休み前の夕食時、俺は皆の前でかねがね思っていたことを提案することにした。
「ちょっとだけ聞いて欲しいのだけど」
前置きし、仲間の視線が俺に集まった所で深呼吸を一回。気を落ち着けてから本題に入る。
「俺なんかはあまり装備にお金が掛からないからいいのだけど、武はその点大変だと思うんだよね。武の装備だけ、俺たちと比べてあからさまに値段が張るよね」
俺が調べたところ、板金鎧の上半身だけでも二十五万ゴル。プラスサイズの打ち直しに5万ゴル。合計三十万ゴルもの大金を一人の財布に委ねるのは負担が大きすぎるとかねがね思っていた。

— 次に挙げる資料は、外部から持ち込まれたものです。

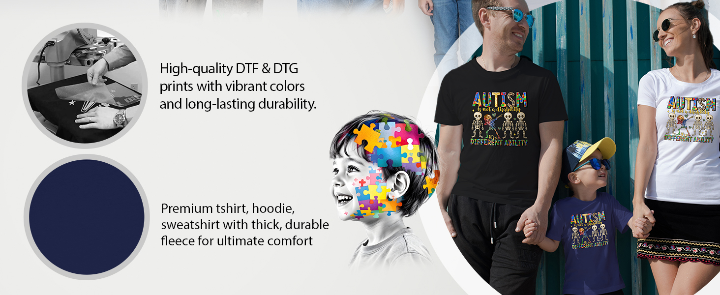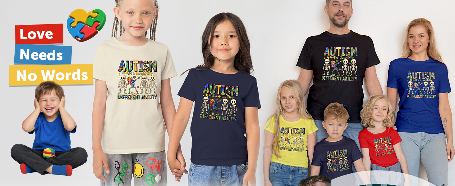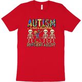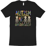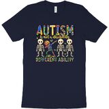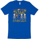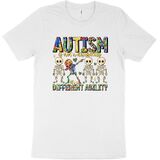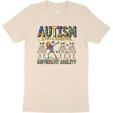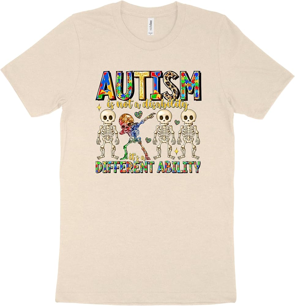 قميص للتوعية بالتوحد يلفت الأنظار: عزز رسالة إيجابية مع هذا القميص النابض بالحياة للتوعية بالتوحد. يتميز بشعار التمكين "التوحد ليس إعاقة، إنها قدرة مختلفة" وهيكل عظمي مربّع، هذا القميص المخصص للتوحد مثالي لنشر الوعي بالتوحد بابتسامة.

「かといって武にも装備はしっかりして欲しいよね。このパーティで一番身体を張っているのは彼なのだし」
俺の言葉に皆が頷く。ここまでは納得しているようだ。
前衛の要である武は、戦闘の勝敗の鍵を握る者でもある。
「だから、律子さんが稼いできたお金は武の鎧購入代金に充てたらどうかな?」
「お、名案だなそれ!」
駆が即答、親指を立てて賛成する。気の良い奴だ。
「私もいいと思うわ。でも、私が出稼ぎしたお金を加えても全然足らないと思うわよ」
冷静に指摘する律子さん。彼女もきちんと鎧の相場を把握していたようだ。やはり侮れない。
「ええ、その通りなんですが……まあ足りない分は俺が出そうかなと思って」
決して偽善のつもりはないが、良い子ぶっていると思われたら少し辛い。
「それなら、私にもお金を出させてください」
凛さんが間を開けずに言った。どうやら俺の心配は杞憂だったようだ。
「みずくせえな。俺のも使えよ」
駆は胸を叩いてそう言い放つ。相変わらずに男前だ。
「みんな、悪いよ」
大きな背中を丸め、小さな声で恐縮を示す武。
「私もお金あまっているので、よかったら使ってください」
縮こまる武を余所に、有紗ちゃんまでもが話に乗ってくる。
「ふふ。新しい服が欲しかったのだけど、武くんの装備の方が大事よねー。ということで、私も一口乗らせていただこうかしら」
俺が思っていたよりも、皆はさらに仲間想いだった。
「でも……」
未だに遠慮する武。
「いいんだって」
駆が強引に説き伏せる。
「じゃあせっかくだから、明日みんなで武くんの防具を買いにいきましょうよ」
律子さんが駄目押しの一撃を加え、皆でお金を出し合って武の防具を買うことが決定事項となる。
「ありがとう、みんな本当にありがとう」
厚意を受け取る決心がついた武は、礼を述べて嬉しそうに笑った。
次の日、俺たちは全員で武具屋に向かった。
店の中に入った俺たちは、六人で相談しながら武に相応しい防具を探していく。ああでもないこうでもないと言いながら、買う防具を一つずつ決めていった。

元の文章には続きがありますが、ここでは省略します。